Globale Pandemie, nationale Lösungen
Isoliert betrachtet steht die Schweiz nicht schlecht da: Mitte April lockerte der Bundesrat die bisherigen Pandemiemassnahmen. Trotz zu hoher Inzidenzwerte wurden Restaurant-Terrassen geöffnet und auch Sport- sowie Kulturstätten können seither wieder besucht werden.
Scheinbar bewährte sich der „Schweizer Weg“ bis zum jetzigen Zeitpunkt: Die Anzahl der Neuansteckungen sinkt trotz Öffnungen. Parallel dazu legt die Schweiz beim Impfen einen Zahn zu: 17 Prozent der Bevölkerung sind, Stand 23. Mai 2021, vollständig geimpft. Ca. 32 Prozent der Bevölkerung haben mindestens eine Impfung erhalten.
Während es in anderen europäischen Ländern ähnlich aussieht wie in der Schweiz, besteht global betrachtet ein grosses Gefälle beim Stand der Impfungen. Auf dem afrikanischen Kontinent beispielsweise sind erst 1,6 Prozent geimpft.
Intransparente Impfstoffhorterin
„Es gibt einige wenige Konzerne, die den Impfstoff produzieren dürfen.

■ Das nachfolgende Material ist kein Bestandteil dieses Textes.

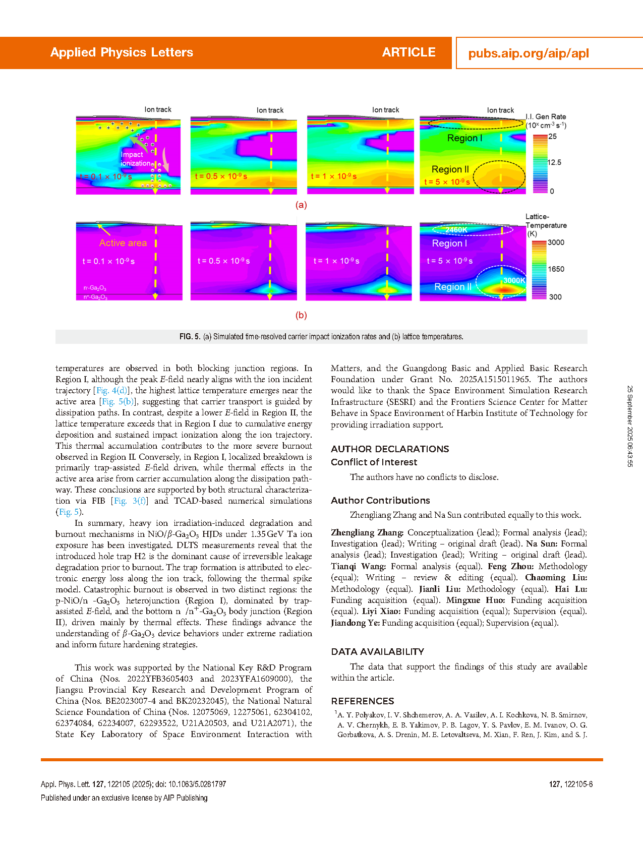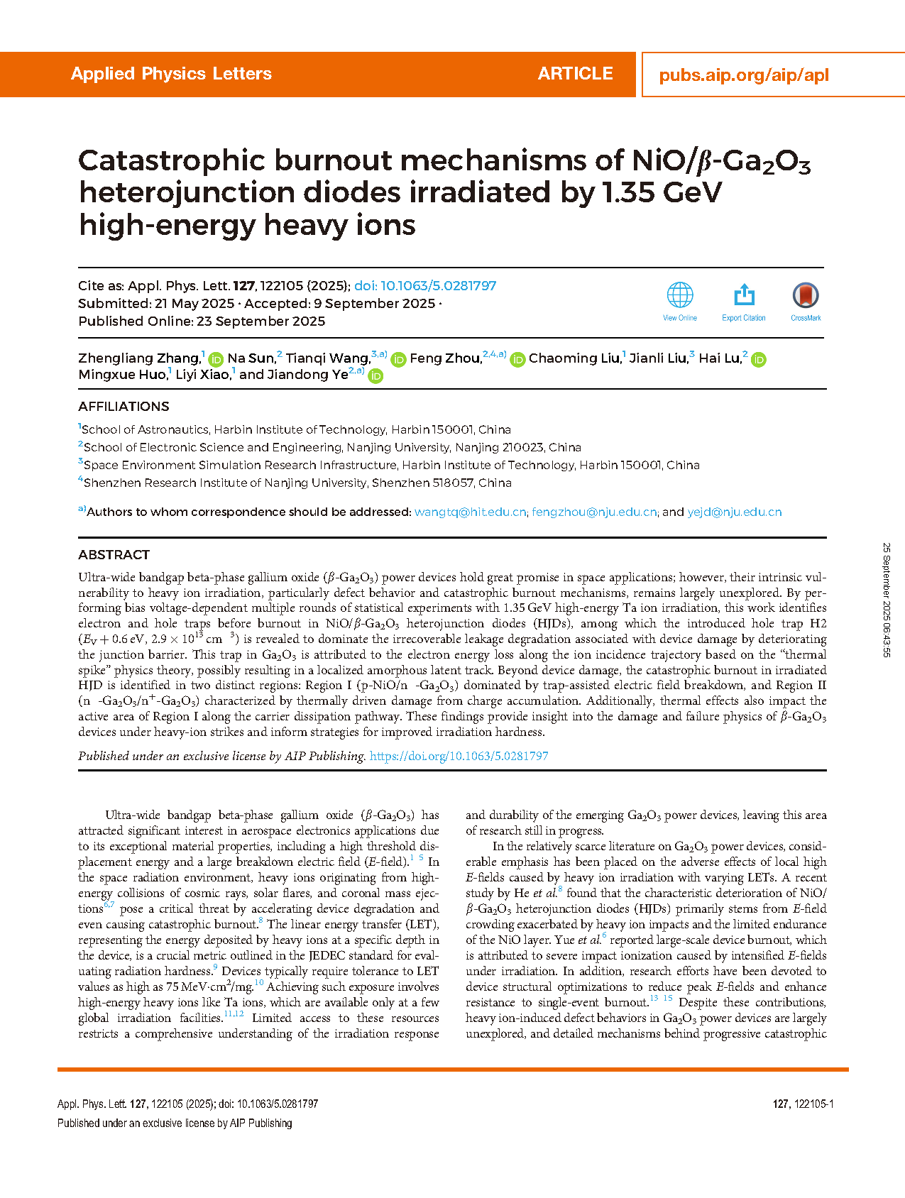 由哈尔滨工业大学与南京大学组成研究团队在学术期刊 Applied Physics Letters 发布了一篇名为 Catastrophic burnout mechanisms of NiO/β-Ga2O3 heterojunction diodes irradiated by 1.35 GeV high-energy heavy ions(1.35 GeV 高能重离子辐照下 NiO/β-Ga2O3 异质结二极管的灾难性烧毁机制)的文章。

Offensichtlich können sie nicht genug und nicht genug schnell Impfstoff für die Welt produzieren“, sagt Gabriela Hertig von der Fachabteilung Gesundheitspolitik bei Public Eye. Anfang 2021 hat sie für die NGO an der Ausarbeitung des Reports „Big Pharma takes it all“ mitgewirkt. Dieser zeigt das problematische Geschäftsmodell der Pharmakonzerne auf sowie die Strategien, die diese auch während der Covid-19-Krise zur Gewinnmaximierung anwenden, und stellt Forderungen an die Schweizer Politik für eine neue Gangart im Umgang mit Pharmakonzernen.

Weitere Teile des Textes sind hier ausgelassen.